/pious

PIOUS parallel file system

Primary LanguageCOtherNOASSERTION

PIOUS

PIOUS (Parallel Input/OUtput System) is a parallel file system I developed long ago for the PVM (Parallel Virtual Machine) cluster computing environment. PVM was widely used for (what we now call) Big Data problems before the days of MPI and Hadoop.

The PIOUS architecture is very similar to that of the Hadoop file system (HDFS). Applications link with the PIOUS library and access files declustered across a set of PIOUS data servers (PDS). The PIOUS service coordinator (PSC) supports coordination and metadata operations but is not on the data path.

While the PIOUS architecture is similar to HDFS the feature set is of course different. PIOUS focuses on multi-dimensional files and light-weight concurrency control to support parallel file access.

PIOUS is also written in C whereas HDFS is in Java.

So why am I putting this code out on GitHub when PVM is no longer widely used? Good question.

Mainly because PIOUS has minimal dependence on PVM and can be trivially ported to other environments.
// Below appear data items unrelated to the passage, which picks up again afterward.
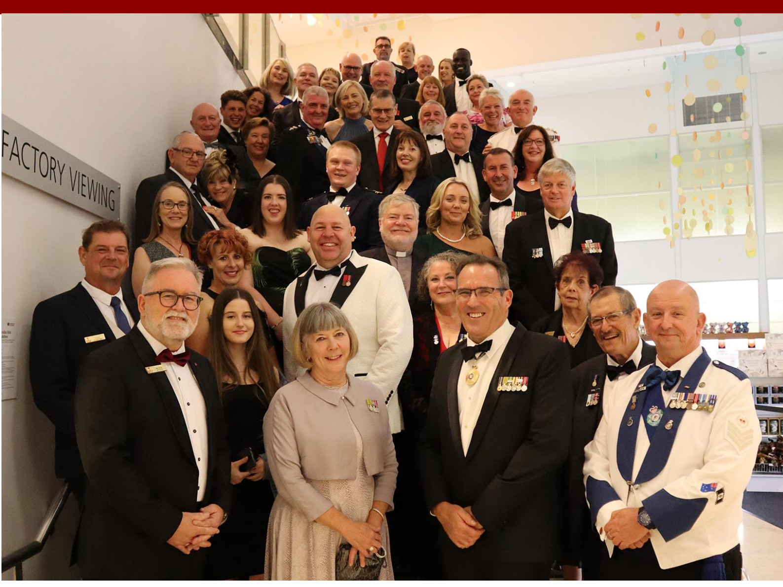
Photo: The Annual Gathering of ABA Members at the 2022 ABA Conference in Canberra

Supporting those who risk their life to save life, property or the environment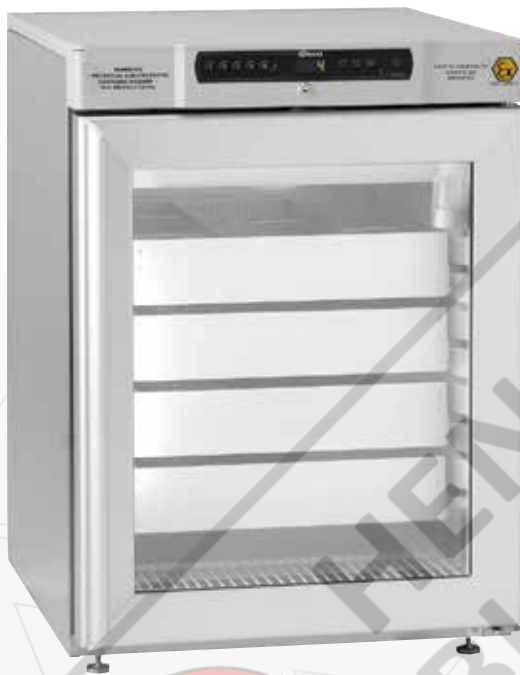
BioCompact II RR210. Drawers, reference container and glass door are optional extras.

Available in either white or stainless steel finish, with a one-piece moulded ABS inner lining. Shelves and drawers are mounted in U-shaped rails moulded into the plastic walls.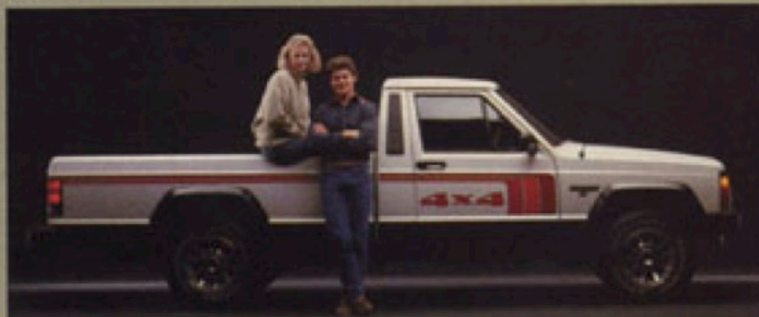
Experience the fun of 4-wheel drive in the rugged new Comanche.

There is much to see at your Renault/Jeep dealer. So come in and take a test drive and experience the feeling you can get... only in a Jeep!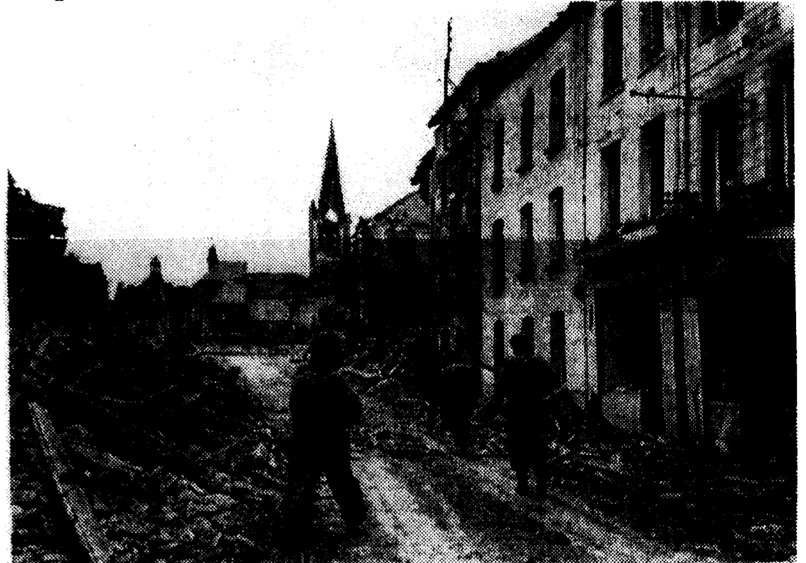
Burnt out remains of Niagara Hall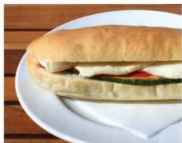
Panino with Grilled vegetables & smoked Provolone Cheese ¥550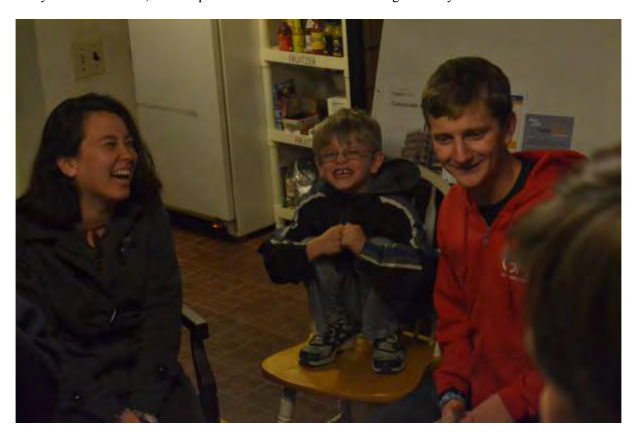
The Manchester Files – Tuesday, April 29, 2014 May 1, 2014

We then spent the night hanging out with the kids that come to the Faith Fusion church every Sunday. We wrestled, played charades and watched Rio 2 – which gets my recommendation by the way. The kids were really enthusiastic and bright and we loved playing with them. But what stuck out to me was just how much influence we had on them in everything that we did around and with them. We had the power to shape, in some small way, the way they saw the world and themselves. Maybe we cannot influence every kid in the world, but I hope that we left those kids a feeling that they are cared for and loved.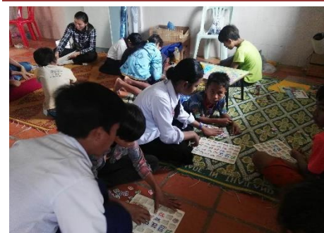
Space for the pupils to learn outside school hours with their peers and teachers.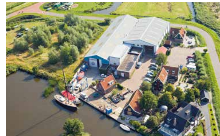
The facilities at Makkum (left) and Zaandam are easy to reach and state of the art.

Less than an hour north, our second facility in Makkum is specialised in the construction of aluminium hulls for luxury superyachts. Each hull is custom-built and quality is assured by meeting all the requirements of class societies such as Lloyds and ABS. The yard has a direct connection to the IJsselmeer lake and has created the modern underwater hulls for many Truly Classic yachts, playing an important part in the success of this concept.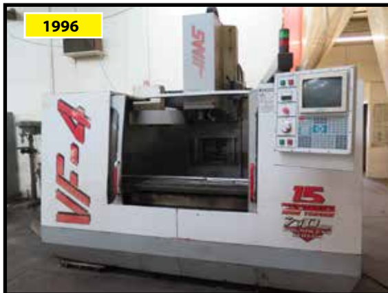
1996 1996 Haas VF-4 4-Axis CNC Vertical Machining Center s/n 8017 w/ Haas Controls, 20-Station ATC, CAT-40 Taper Spindle, 7500 RPM, Thru Spindle Coolant, 15Hp High Torque Motor, Rigid Tapping, Programmable Coolant Nozzle, Floppy Disc, 18" x 52" Table, Coolant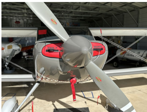
SNS-7 HiperBipe Engine Inlet Plugs

Engine Inlet Plugs are custom fit for your Sorrell Hiperbipe SNS-7 intakes, made with heavy-duty vinyl material, and stuffed with a single block of sculpted urethane foam. Each plug has a zipper that allows the foam to be removed and dried if necessary. Engine plugs have warning flags that are visible from the cockpit or 'remove before flight' streamers sewn onto the face of the plugs. Most plugs are imprinted with the aircraft registration number in black for an extra charge. Storage bag NOT included. Engine plugs may be inserted after flight when the engine is still warm. Engine Inlet Plugs are commonly referred to as Cowl Plugs, Intake Plugs, Cowl Blocks, Engine Blocks, and Engine Bungs.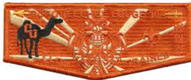
Issue: S-147 Note: LLD Trained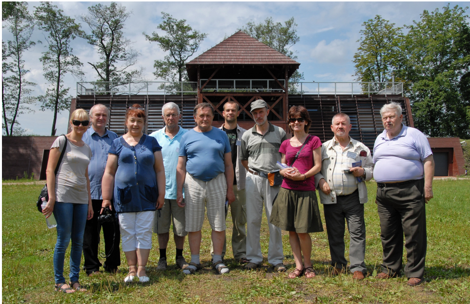
Conference exploratory excursion.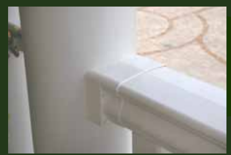
Illustration of 7000 Series mounting wedge set.

LIFETIME WARRANTY (LIMITED, NON-PRORATED)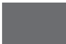
Double page spread w420mm x h275mm + 3mm bleed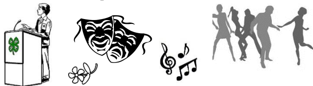
EXHIBIT WORK DAY – APRIL 29

The Performance Arts Festival will be held on Saturday, April 29 from 8am-3pm, at the CAL Center 1100 S. Albert Ave, Reedsburg. The Performance Arts Festival includes vocal, instrumental, and dance performances, as well as drama and speaking performances. We encourage all of our 4-H members, leaders and families to attend, enjoy the performances, and support all of the performers.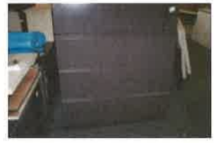
-(4) DRAWER FILING CABINI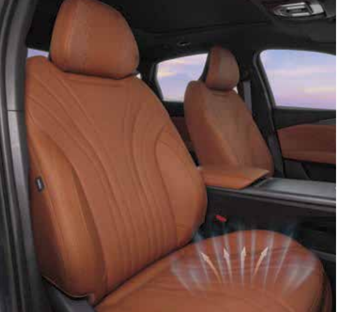
Comfort in every climate Front row ventilation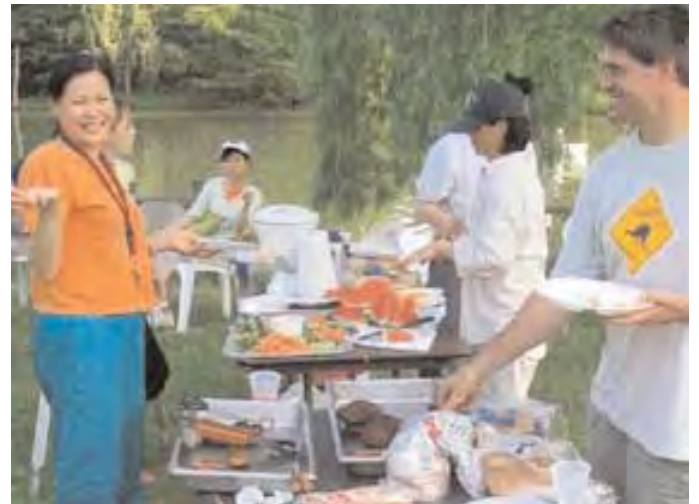
"Picnic to celebrate the opening of the Theodore Roosevelt Trails"

We encourage everyone to visit the UTS campus, to walk these historic grounds, to have a picnic by the pond, and enjoy God's creation. We also welcome any ideas or suggestions as to how we can further serve the community.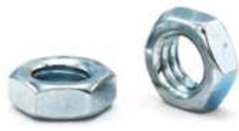
HEX JAM NUT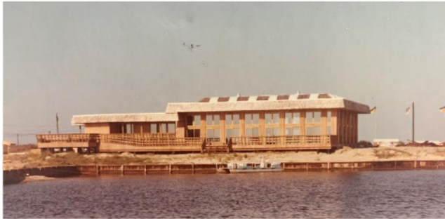
Clubhouse before lost to fire in 1980

Throughout the winter months we went through the office and did some winter cleaning. During this process I found some old photos I am hoping at some point to put together something to display in the clubhouse.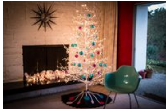
How to Make a Vintage-Inspired Christmas Tree Skirt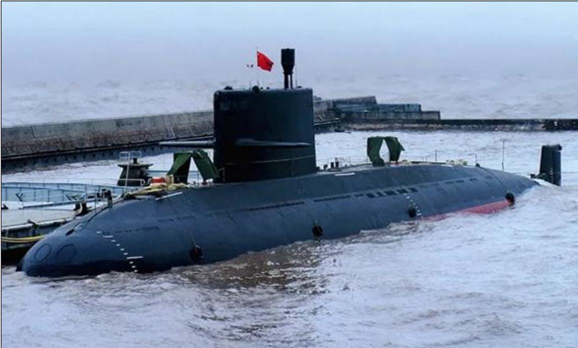
Figure 6. Yuan (Type 039) Attack Submarine (SS)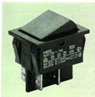
NON-ILLUMINATED, DOUBLE POLE R62 16A-125V AC, 1/8 HP, 10A-250V AC, 1/3 HP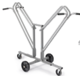
Large Music Stand Move & Store Cart will hold up to 20 RoughNeck Stands.

039D201 Small Music Stand Move & Store Cart, 21 lb (9.5 kg)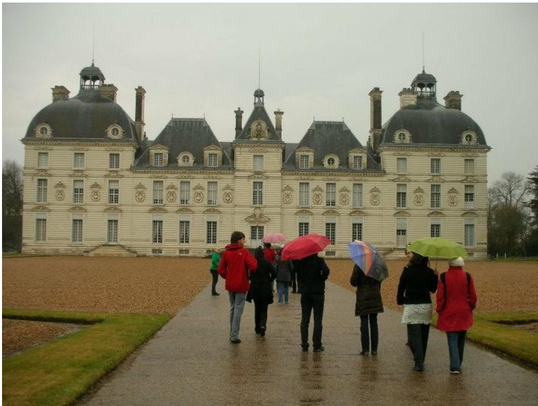
One of our class "field trips"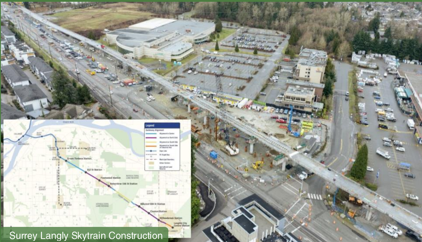
Surrey Langley Skytrain Construction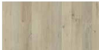
Balboa Oak AV75OBAL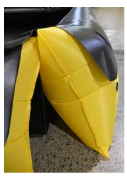
Each Support Tube should be set at about a 30° angle from vertical (toward the liner).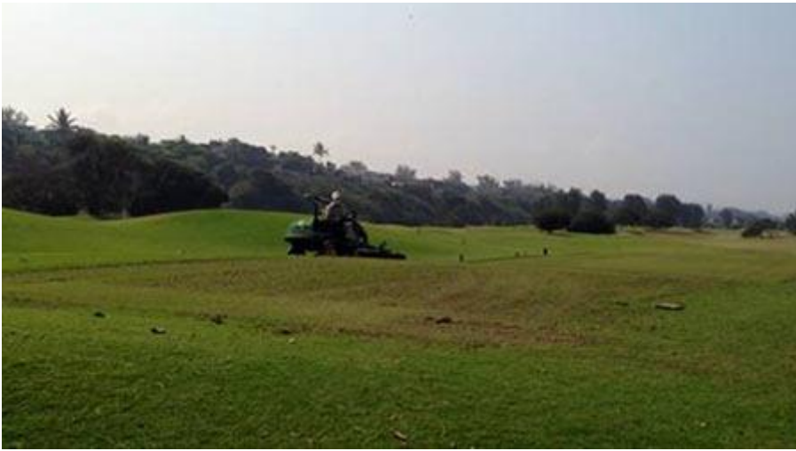
Beachwood 11th Tee - Extensive Hollow Tine on All Tee Box's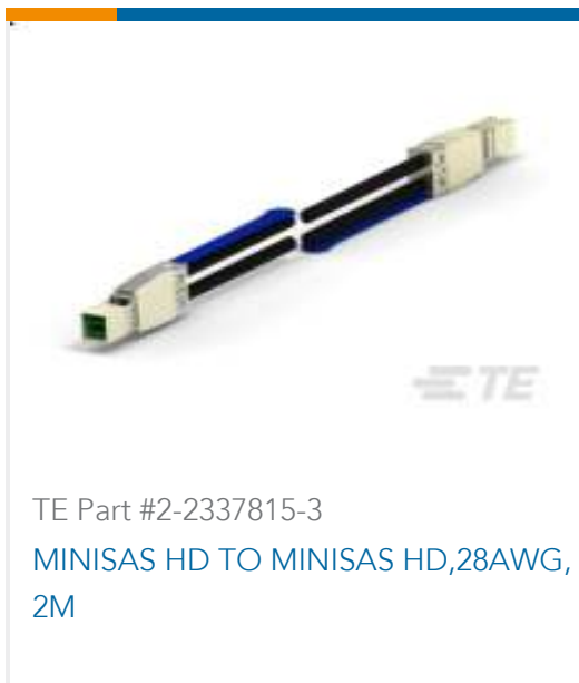
TE Part #2-2337815-3 MINISAS HD TO MINISAS HD,28AWG, 2M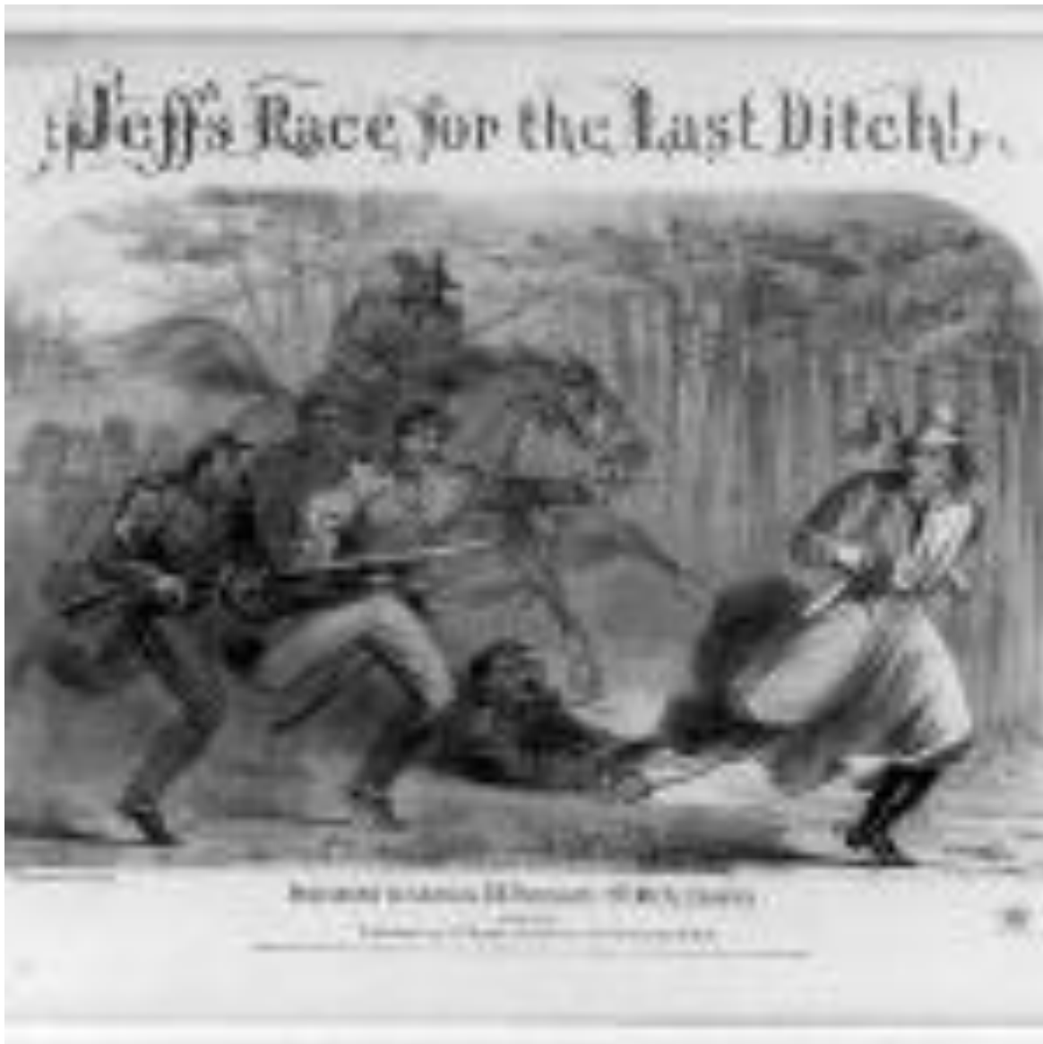
Capture of Jefferson Davis

A historic marker indicates the spot where he was arrested, and the surrounding area is now the Jefferson Davis Memorial Historic Site , a thirteen-acre park that features a museum, hiking trail, and picnic facilities. Jeff Davis County , in central Georgia, is named in the Confederate president's honor.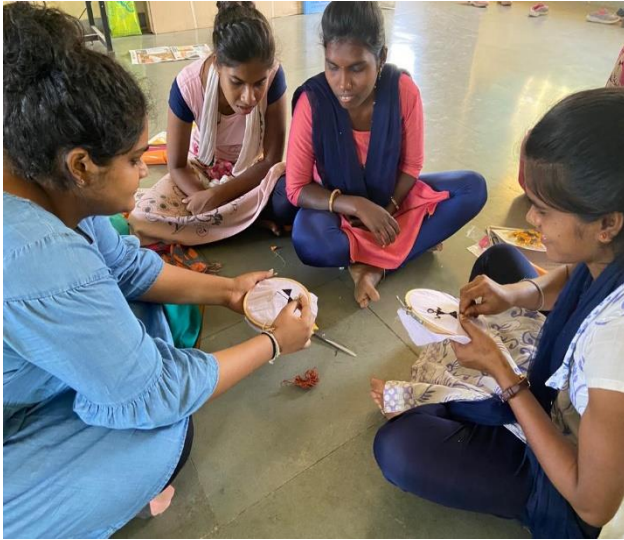
Student Teaching Embroidery to beneficiaries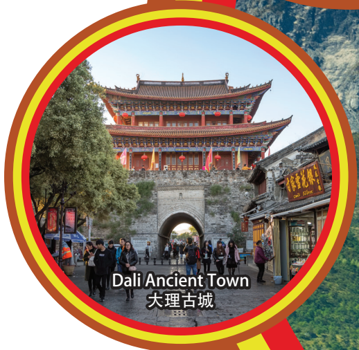
Dali Ancient Town 大理古城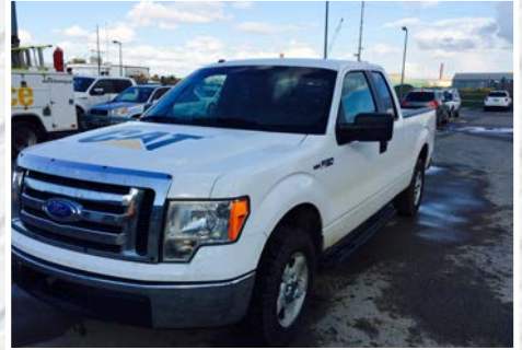
2009 Ford F150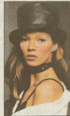
Kate Moss

Kate, who lost several lucrative contracts and checked into rehab after images of her snorting coke were printed is thinking about volunteering to improve her karma.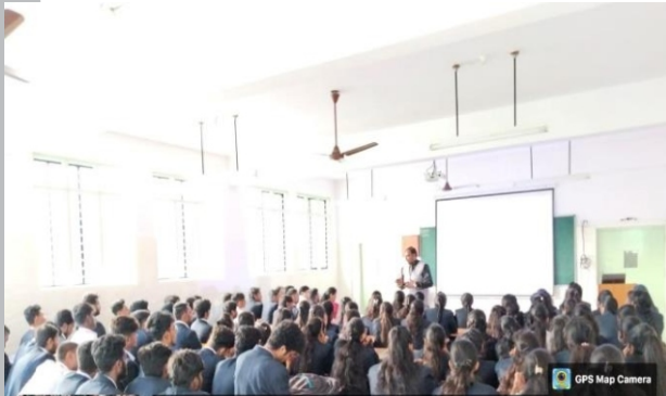
Financial Literacy & Decision Making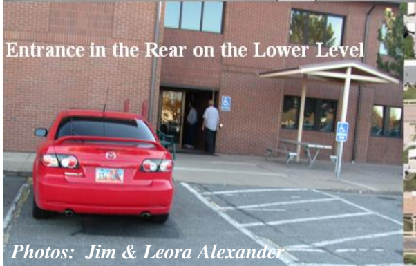
Entrance in the Rear on the Lower Level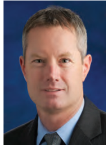
Doss: ‘Optimism is probably at its highest level since the recession.’

Both lists are based on data from the U.S. Small Business Administration. The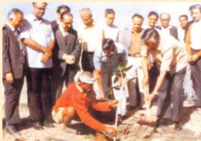
Ramanna Planting a sapling at CAT site, Indore (1983) (reproduced from Atomic Energy in India: 50 years )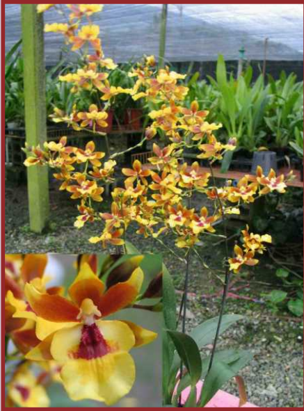
AJG/BT-001 Btcm. Hwuluduen Chameleon 'Colorful Lake' S.L.: 50-60cm N.S.: 4-5cm Climate: Warm Fragrance: Yes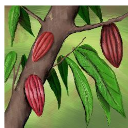
Perennial crop expansion

Background. Perennial crops provide multiple benefits to cropping systems. They improve soil fertility, reduce runoff, prevent high water evaporation and protect soil from wind erosion (Jose, 2009). The increased organic matter inputs to soils through leaves and branches, shading from high temperatures and

All PVM dependencies are isolated to a single file: src/pdce/pdce.c (and related .h files in that directory).

So if someone is looking for HDFS-like functionality but in C rather than Java, it will be a lot easier to port PIOUS and use it as a starting point versus starting from scratch.

I confirmed that both PIOUS and PVM still build, run, and pass tests on recent Linux systems. Complete instructions for doing so can be found in doc/piousUG1.2.pdf.